No quiero hacer de abogado del Diablo, no quiero decirles que cada vez hay más casas en la zona, y que las casas tienen siempre gente. No quiero reproducir el despectivo discurso oficialista donde se da a entender que los trabajadores del turismo siempre “lloran”.
Escucho: los profesores aprendemos a escuchar a personas disímiles. Y la voz de los almaceneros no tarda en salir, es una voz queda, acompañada por una mirada sombreada por un entrecejo fruncido, quizás con lágrimas contenidas.
El propietario de un supermercadito que está abierto todo el año, y que en temporada contrata seis empleados me dice que sí, que cada vez viene más gente, pero que eso no significa que el trabajo y la inversión se recuperen.
Al contrario. Me pone un ejemplo: “Imagina este local lleno, tanto que tenemos que cerrar las puertas porque no entra más gente. Ponle que hay 200 personas, 10 compran, 20 roban, y el resto mira. Y solo se termina vendiendo atún, pan y fiambre. La gente con auto se trae todo del Chuy”.
Enmudezco, sé que se roba sistemáticamente en los almacenes sin sistemas de seguridad como los que ostentan los grandes supermercados de Montevideo. He visto cómo actúan, en grupo. Pero el hombre continúa: para él el gran ladrón es el Estado.
Me enumera la retahíla de costos que tiene que mantener un comercio así, ¡todo el año, además!, para que los habitantes del pueblo por lo menos tengan pan y papel higiénico. Me habla de impuestos con una gran cantidad de siglas, en primer término BPS. También aparece la palabra Bromatología, que según me explica es implacable en Rocha pero no en Maldonado.

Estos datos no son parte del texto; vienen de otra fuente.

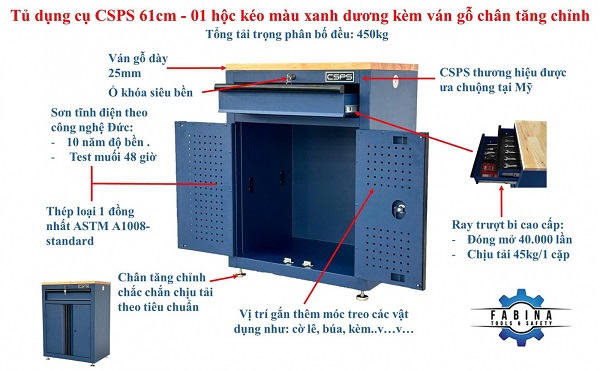 - Từ khóa: Tủ dụng cụ CSPS, Tủ đồ nghề CSPS, Tủ dụng cụ tiêu chuẩn Mỹ, Tủ CSPS

Y llega a un punto trágico para toda esta gente: el uso extendido de tarjetas. La Ley de Inclusión Financiera se me convierte en sus palabras temblorosas en la ley de exclusión financiera. Me habla de que en cada compra con débito el 4% vuela a los bancos, no queda para ellos. Por lo menos el República acredita enseguida. Las otras tarjetas, las poderosas, cobran un 8% y tardan meses en pagar.
Yo pienso para mí que eso es una depredación. Este hombre es un trabajador desde el alba a la medianoche. Despojado. No puede subir los precios porque entonces nadie le entraría y así está preso en un círculo vicioso del cual solo se sale fundiéndose.
Recuerdo a otra almacenera de mi barrio, de Ciudad Vieja: “Nunca en mi vida he visto un gobierno más voraz que este. Es increíble: yo misma los voté”.